The full listing, exactly as written and with no images, is the expected output.

The data

..........

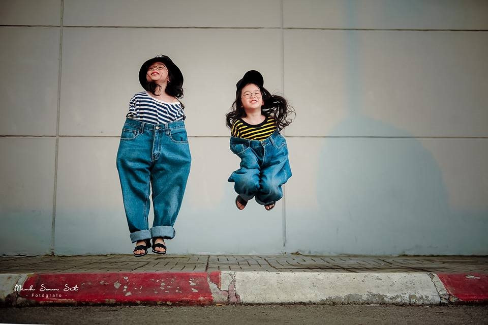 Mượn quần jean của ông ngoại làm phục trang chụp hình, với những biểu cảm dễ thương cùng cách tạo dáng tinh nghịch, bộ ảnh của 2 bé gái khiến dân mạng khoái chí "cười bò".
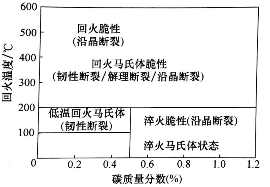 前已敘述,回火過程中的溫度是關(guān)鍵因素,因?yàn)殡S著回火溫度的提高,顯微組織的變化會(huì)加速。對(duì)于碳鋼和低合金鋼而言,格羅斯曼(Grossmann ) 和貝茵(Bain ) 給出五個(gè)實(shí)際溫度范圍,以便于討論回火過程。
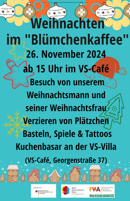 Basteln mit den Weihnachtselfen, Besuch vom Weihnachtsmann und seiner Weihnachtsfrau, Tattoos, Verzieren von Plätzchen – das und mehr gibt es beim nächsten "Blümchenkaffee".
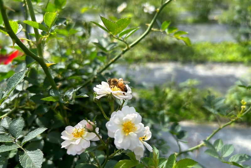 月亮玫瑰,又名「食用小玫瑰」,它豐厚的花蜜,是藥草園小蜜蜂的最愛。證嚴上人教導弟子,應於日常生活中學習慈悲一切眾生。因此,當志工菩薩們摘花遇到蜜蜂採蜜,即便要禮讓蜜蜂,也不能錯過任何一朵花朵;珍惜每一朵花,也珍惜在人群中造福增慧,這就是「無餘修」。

..........

Output for this task
 Mượn quần jean của ông ngoại làm phục trang chụp hình, với những biểu cảm dễ thương cùng cách tạo dáng tinh nghịch, bộ ảnh của 2 bé gái khiến dân mạng khoái chí "cười bò".
 前已敘述,回火過程中的溫度是關(guān)鍵因素,因?yàn)殡S著回火溫度的提高,顯微組織的變化會(huì)加速。對(duì)于碳鋼和低合金鋼而言,格羅斯曼(Grossmann ) 和貝茵(Bain ) 給出五個(gè)實(shí)際溫度范圍,以便于討論回火過程。
 Basteln mit den Weihnachtselfen, Besuch vom Weihnachtsmann und seiner Weihnachtsfrau, Tattoos, Verzieren von Plätzchen – das und mehr gibt es beim nächsten "Blümchenkaffee".
 月亮玫瑰,又名「食用小玫瑰」,它豐厚的花蜜,是藥草園小蜜蜂的最愛。證嚴上人教導弟子,應於日常生活中學習慈悲一切眾生。因此,當志工菩薩們摘花遇到蜜蜂採蜜,即便要禮讓蜜蜂,也不能錯過任何一朵花朵;珍惜每一朵花,也珍惜在人群中造福增慧,這就是「無餘修」。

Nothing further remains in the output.